With the line containing "- Отже, нарізаємо" as the start and the line containing "Деревянная поверхность преобразится" as the end, transcribe that span of the entries below exactly, including both.

_INPUT MATERIAL_.
........

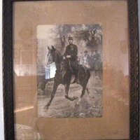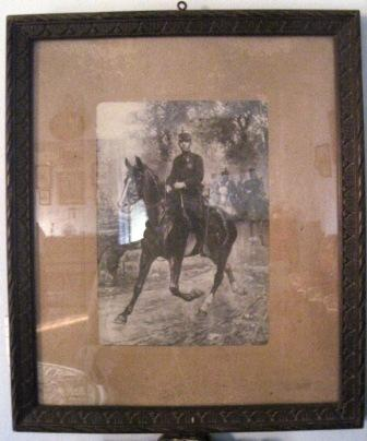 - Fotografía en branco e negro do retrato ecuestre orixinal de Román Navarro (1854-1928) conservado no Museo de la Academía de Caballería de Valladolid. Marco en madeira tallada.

........

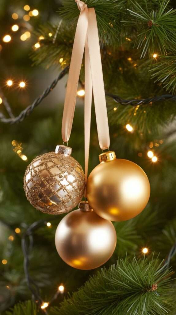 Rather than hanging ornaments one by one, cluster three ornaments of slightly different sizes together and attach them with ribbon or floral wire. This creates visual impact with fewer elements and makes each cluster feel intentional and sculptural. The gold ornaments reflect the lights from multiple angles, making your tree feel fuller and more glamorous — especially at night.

........

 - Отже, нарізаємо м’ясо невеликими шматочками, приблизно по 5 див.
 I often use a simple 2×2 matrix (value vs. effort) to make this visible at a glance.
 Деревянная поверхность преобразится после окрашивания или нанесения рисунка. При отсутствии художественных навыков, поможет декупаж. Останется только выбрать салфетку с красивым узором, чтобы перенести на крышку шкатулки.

........

_EXERCISE RESPONSE_.
 - Отже, нарізаємо м’ясо невеликими шматочками, приблизно по 5 див.
 I often use a simple 2×2 matrix (value vs. effort) to make this visible at a glance.
 Деревянная поверхность преобразится после окрашивания или нанесения рисунка. При отсутствии художественных навыков, поможет декупаж. Останется только выбрать салфетку с красивым узором, чтобы перенести на крышку шкатулки.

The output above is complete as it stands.